BOTAFOGO

The battle for Botafogo and Eagle Football

John Textor is using Botafogo as a fortress in his dispute with his American business associates. Photo: Vítor Silva/Botafogo

The last three years have been by far the most turbulent in the long history of the traditional Rio de Janeiro football club Botafogo. After almost three decades of futility, they looked certain to win the Brazilian league in 2023 before succumbing to one of the biggest bottle-jobs in living memory

Then, last year, they won it all: becoming Brazilian and South American champions.

Two-thirds into the 2025 season, and the pendulum has swung in the opposite direction.
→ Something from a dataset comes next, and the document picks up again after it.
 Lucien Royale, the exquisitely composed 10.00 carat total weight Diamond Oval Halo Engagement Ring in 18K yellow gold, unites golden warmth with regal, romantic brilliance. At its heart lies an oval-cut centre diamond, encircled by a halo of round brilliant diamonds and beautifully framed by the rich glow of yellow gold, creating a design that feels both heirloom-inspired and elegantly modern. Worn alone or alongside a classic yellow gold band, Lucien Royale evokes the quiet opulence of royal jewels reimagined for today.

A famous win over PSG in the Club World Cup aside, it hasn’t been a good year for Botafogo. They’re out of the domestic cup and the continental Copa Libertadores, and are 11 points off the pace in the league. Ownership battles and murmurs of financial issues suggest the club’s future may be murky.
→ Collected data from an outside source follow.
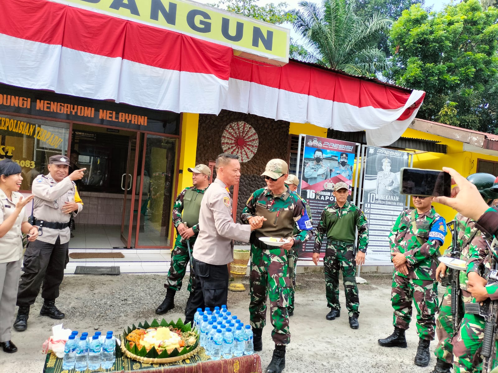 Kapolsek Bangun, AKP LS Gultom, SH., bersama personil Polsek Bangun dan Ketua Bhayangkari Polsek Bangun menyambut hangat kejutan tersebut. Mereka merasa terharu dan bersyukur atas perhatian dan surprise yang diberikan oleh personil TNI Rindam I BB pada momen penting ini.
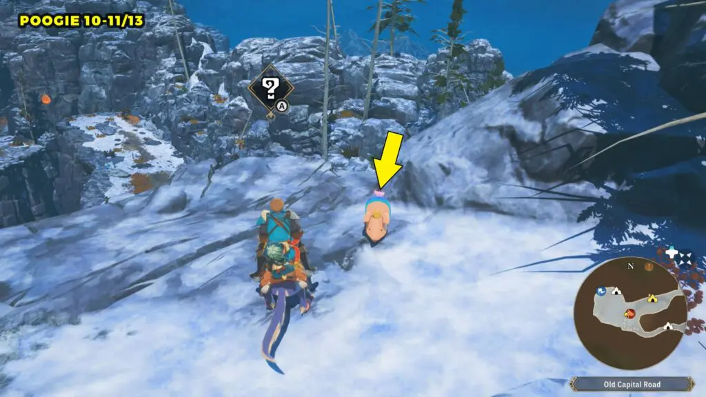 This Poogie is found at the marked location. Go to the location marked on the map and jump into the Ground Dive point. Once you reach the lower area, you will find the Poogie near the cliff wall.
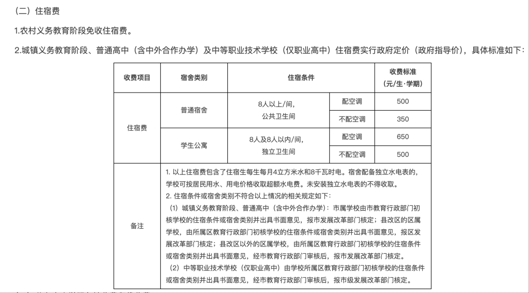 城镇义务教育阶段、普通高中(含中外合作办学)及中等职业技术学校(仅职业高中)住宿费实行政府定价(政府指导价),具体标准如下:
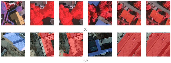 Qualitative results of the FTNet: (a) FSS-RSI-DeepGlobe; (b) FSS-RSI-Potsdam; (c) FSS-RSI-Vaihingen; and (d) FSS-RSI-AISD.

It has definitely been a rollercoaster, and much of Botafogo’s ups and downs since 2023 can be credited to one man: the outspoken 59-year-old American businessman John Textor.

Since buying Botafogo in 2022, he’s brought the club investment, quality players, belief, trophies — but also a certain layer of administrative mystery. And now, amid financial scandal and threatened punishment, he’s facing the possibility of being forced out of Rio de Janeiro by the very company he founded.